Grant draws in slow, purposeful breaths. His fingers tap out an uneven rhythm. Christian’s wide eyes move back and forth between the two of them like he’s at a tennis match. Or, more accurately, at an old west shootout at high noon, waiting to see who will kill who first.

Grant’s expression eases into something approaching pleasant. He nods to her hand. “You’re wearing your ring.”

Her hand fists on the arm of the chair. She immediately regrets it.

“You weren’t, when Coulson marched me out of the base,” he goes on calmly. “But you had been. Recently.”

“For HYDRA,” she says. “I was playing the part of the grieving widow rather convincingly, I think.”

“Good,” he says immediately. “Remind anyone who might be looking that you’re mine.”

“I told them you were dead,” she spits. “And I am not _yours_. Not in any sense of the word.”

He looks like he might want to argue that point, but Christian cuts in. “As fun as it is watching someone else’s marriage fall apart, I’d really like to know what the plan here is, Grant. You had to have been thinking past the trip down memory lane.”

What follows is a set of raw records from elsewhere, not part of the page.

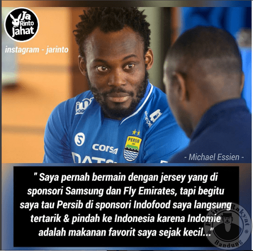 Kang Essien bilang “saya pernah bermain dengan jersey yang disponsori Samsung dan Fly Emirates, tapi begitu saya tau Persib di Sponsori Indofood saya langsung tertarik & pindah ke Indonesia. Karena Indomie adalah Makanan Favorit saya sejak kecil …” mantap kang.
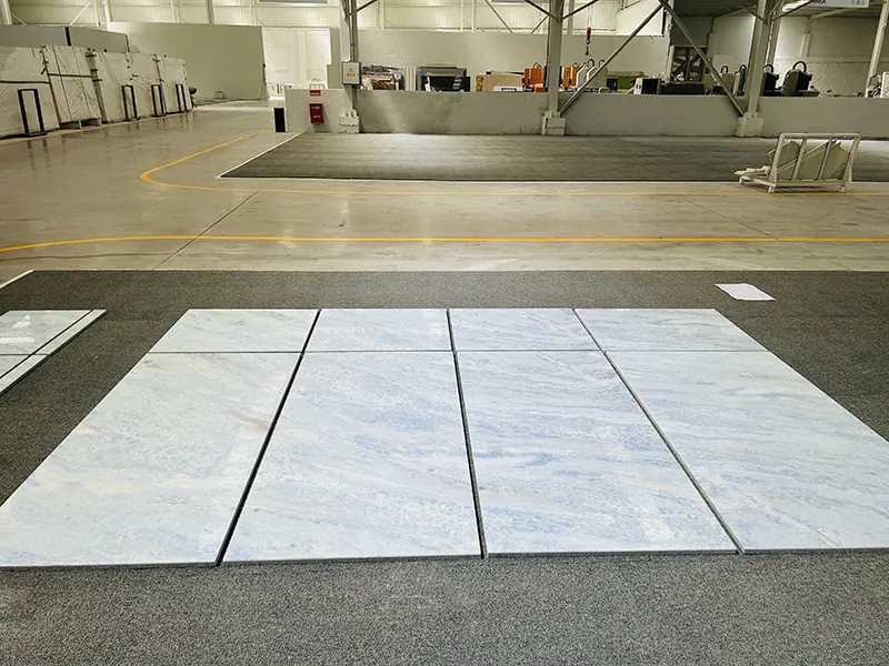 Wow Stone a plus de 1 000 mètres carrés de dalles de marbre en cristal bleu et de blocs à portée de main, afin qu'ils puissent gérer les projets de n'importe quelle taille. Nous vous laissons regarder des dalles sur vidéo directement afin que vous puissiez les choisir à distance. Ceci est pratique et les garanties peuvent être comprises. Notre usine contient un équipement moderne et un personnel professionnel engagé à bien faire les choses et à une meilleure qualité.
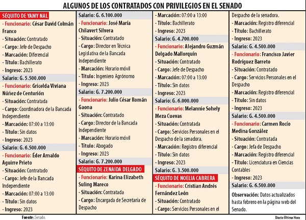 Aquino, electa por Cruzada Nacional pero que pasó al cartismo, tiene 5 contratados a su cargo, la mayoría con cargos de jefatura. Entre ellos se encuentra César David Colmán Franco, jefe de despacho y marcación diferencial, con un salario de G. 5.500.000. Gricelda Viviana Núñez de Centurión, coordinadora de la Bancada Independiente, percibe G. 6.500.000 y Eder Arnaldo Aguirre Prieto, jefe de la bancada Independiente, cobra G. 7.200.000.
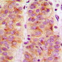 Immunohistochemical analysis of Focal Adhesion Kinase staining in human breast cancer formalin fixed paraffin embedded tissue section. The section was pre-treated using heat mediated antigen retrieval with sodium citrate buffer (pH 6.0). The section was then incubated with the antibody at room temperature and detected using an HRP conjugated compact polymer system. DAB was used as the chromogen. The section was then counterstained with haematoxylin and mounted with DPX. -

It’s easier this time for Grant to push aside his rage. She wonders if it’s just the back-to-back resurgences or if it has something to do with the sharp edge to his smile.

“I do,” he says, “but none of those accounted for my _wife_ showing up.” Despite his words, he doesn’t seem perturbed by her bursting in on his plans. He stands and holds his hand out for her to take.

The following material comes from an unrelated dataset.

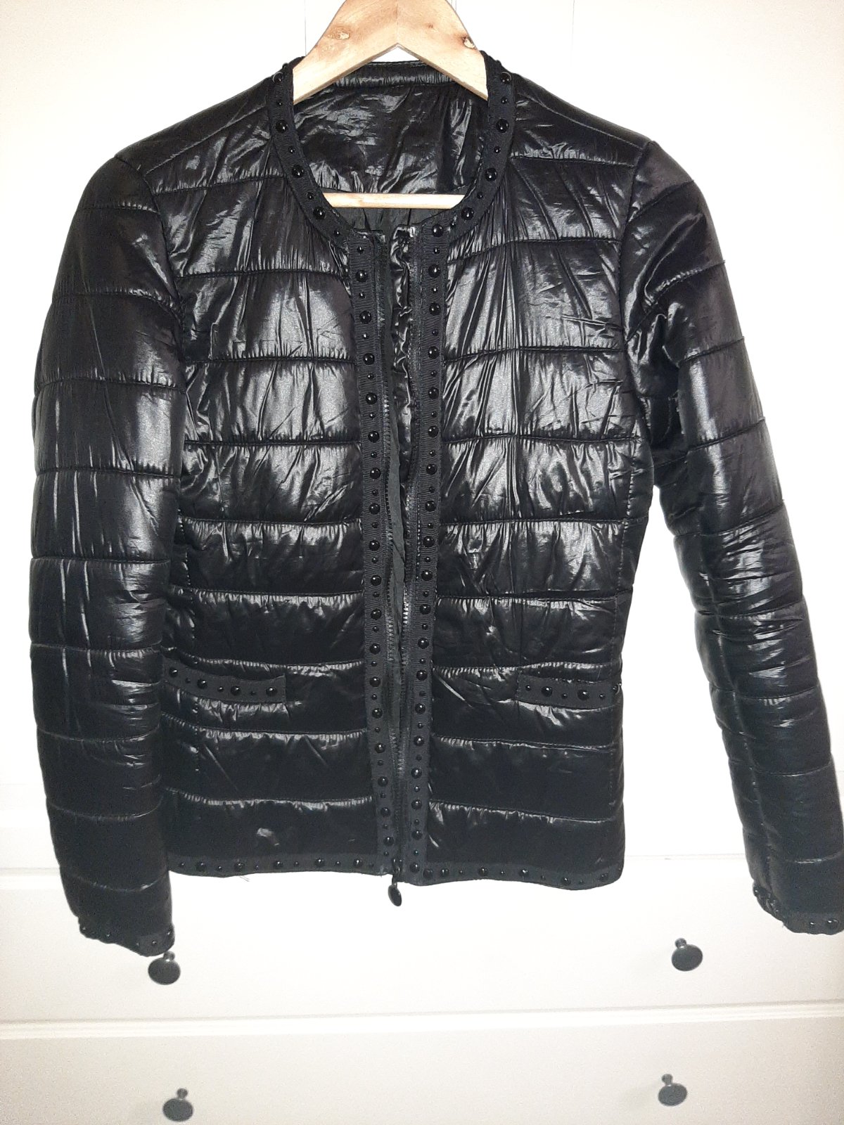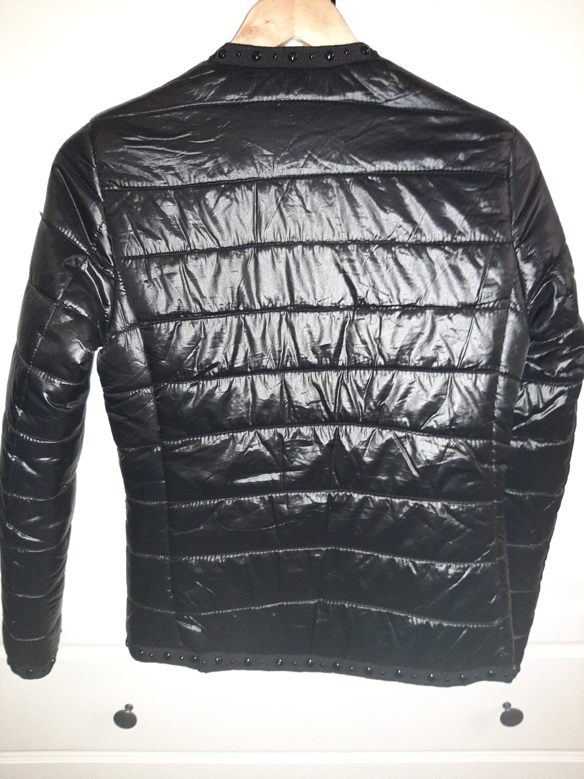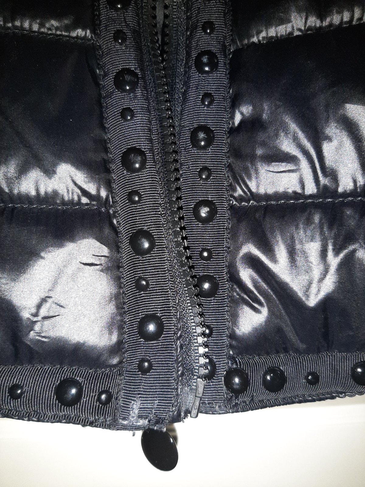 Vo veľmi dobrom stave. Žiadne závažnejšie nedostatky nemá, jedine podšívka je zašívaná, keby o tom neviem ani si to nevšimnem 😉, jeden kamienok z rukáva odlepený, z vnútornej strany takže nevidno, a jeden na zadnom diele, ale nepoznať 🙂. Nositeľná ako xs alebo 164. Cena prispôsobená.

She crosses her arms over her chest and stands herself.

“Why don’t you go upstairs?” he asks. “Get some sleep. Coulson made you fly out here, didn’t he?” He rubs her shoulders gently as he ushers her towards the door. The familiar gesture, coupled with the stress of not only his presence but the flight (it’s been six months, how can he still read her so well?) have her fighting exhaustion before she makes the foyer.

“Second room on the right. It has its own bathroom, so you don’t have to go looking.” There’s something about his phrasing there that catches in the back of her mind. “Jemma.” His serious tone has her turning at the foot of the stairs.

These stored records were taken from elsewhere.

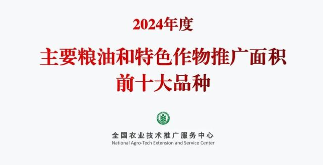 据了解,本次发布的信息是根据《中华人民共和国统计法》和农业农村部调查统计制度,基于全国农技中心负责的中国农作物种业统计所得。主要粮油和特色作物推广面积前10大品种是根据各县统计的2024年度面积达0.5万亩以上的品种汇总后进行排序所得。
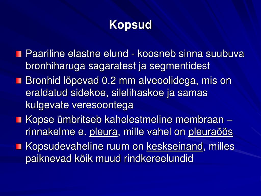 Kopsud • Paariline elastne elund - koosneb sinna suubuva bronhiharuga sagaratest ja segmentidest • Bronhid lõpevad 0.2 mm alveoolidega, mis on eraldatud sidekoe, silelihaskoe ja samas kulgevate veresoontega • Kopse ümbritseb kahelestmeline membraan – rinnakelme e. pleura, mille vahel on pleuraõõs • Kopsudevaheline ruum on keskseinand, milles paiknevad kõik muud rindkereelundid
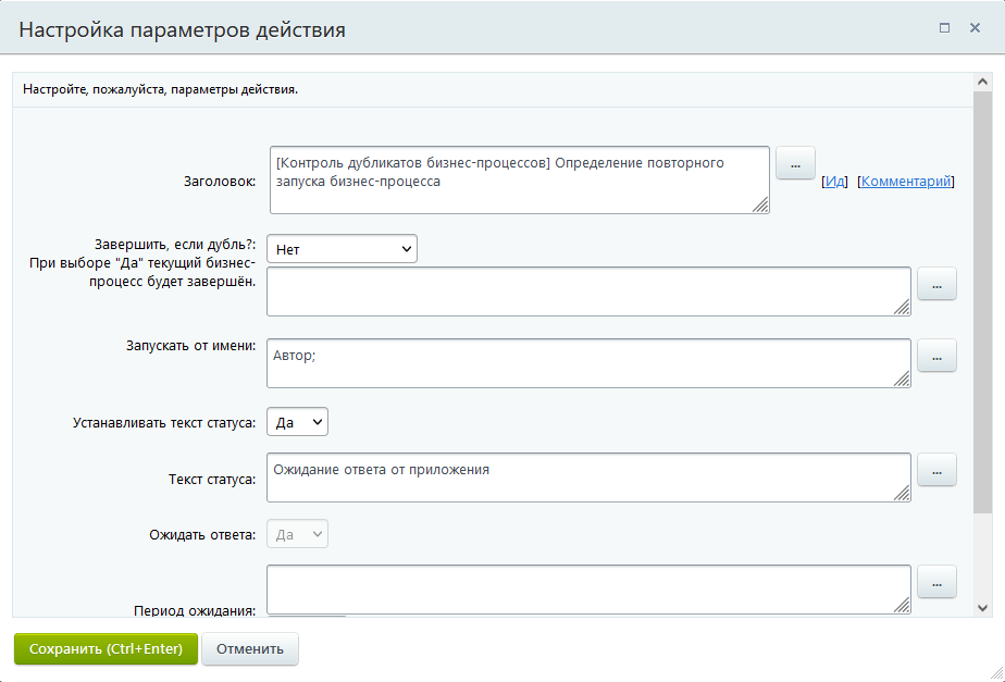 Данное Действие проверяет, запущен ли по текущей сущности бизнес-процесс из этого же шаблона, и в зависимости от настроек либо возвращает результат проверки ("Да" или "Нет" - это позволяет реализовать различные сценарии дальнейшей работы), либо останавливает текущий процесс. По умолчанию выставлена настройка, когда Действие возвращает результат проверки, но не останавливает текущий бизнес-процесс.

He catches her chin between his fingers, keeping her focus on him. Not that it would be anywhere else at the moment. He steps into her space, his free hand sliding over her hip to pull her to him. She should be fighting him tooth and nail, trying to escape. Part of her reasons that fighting back, when he has her overpowered and outnumbered, will only impede her later, when she might have real chances to get away. But none of that logic explains why her mouth falls open slightly in anticipation of a kiss.

His breath is warm against her lips, but he never closes that final distance. Instead he lifts his hand away from her hip, allowing her to see her own phone out of the corner of her eye. Her heart drops.

“Don’t make me chase you,” he warns, and returns to discuss whatever comes next with Christian.

She spends several long seconds staring at the front door, knowing she can’t actually make an escape that way, before Grant clears his throat, spurring her up the stairs.

Naturally, she doesn’t go straight for the room he ordered her to. The first door on the left is a linen closet, with only a few back-ups of basic necessities. Nothing she can use. The first door on the right reveals a narrow flight of stairs, presumably to the attic. Jemma files that knowledge away and moves on.

Just stepping into the room Grant ordered brings back her exhaustion. The big, cushy bed. The warm cherry wood. The hazy light peeking through the curtains. It’s impossible not to feel sleepy.

She pushes it down to search for supplies. There is, unfortunately, not much. Being a vacation home, the place doesn’t see the day-to-day living that would account for a stray letter opener or pair of scissors. Even so, she’s barely made it halfway through the room before she hears at rattle at the door.

Her heart stutters in her chest. Not, she’s surprised to realize, at the thought of Grant out there. She’s thinking of his brother. This is the house where Christian terrorized Grant, forcing him to watch as their younger brother died. What if Christian decides to revisit that exercise, scar Grant anew as an adult?

But the rattle subsides and no one comes in. Hesitantly, Jemma approaches the door, intending to swing it open wide to surprise whoever’s out there. Only the knob won’t fully turn and the door won’t move when she tries to force it. It’s been blocked from the outside.

“Grant!” she yells. She tries again, beating on the door. There’s no response. She curses him with every foul word she knows, stopping only when she realizes her extensive knowledge of foreign curses comes from his penchant for mixing his languages during sex. Only her husband could ruin cursing for her on top of everything else.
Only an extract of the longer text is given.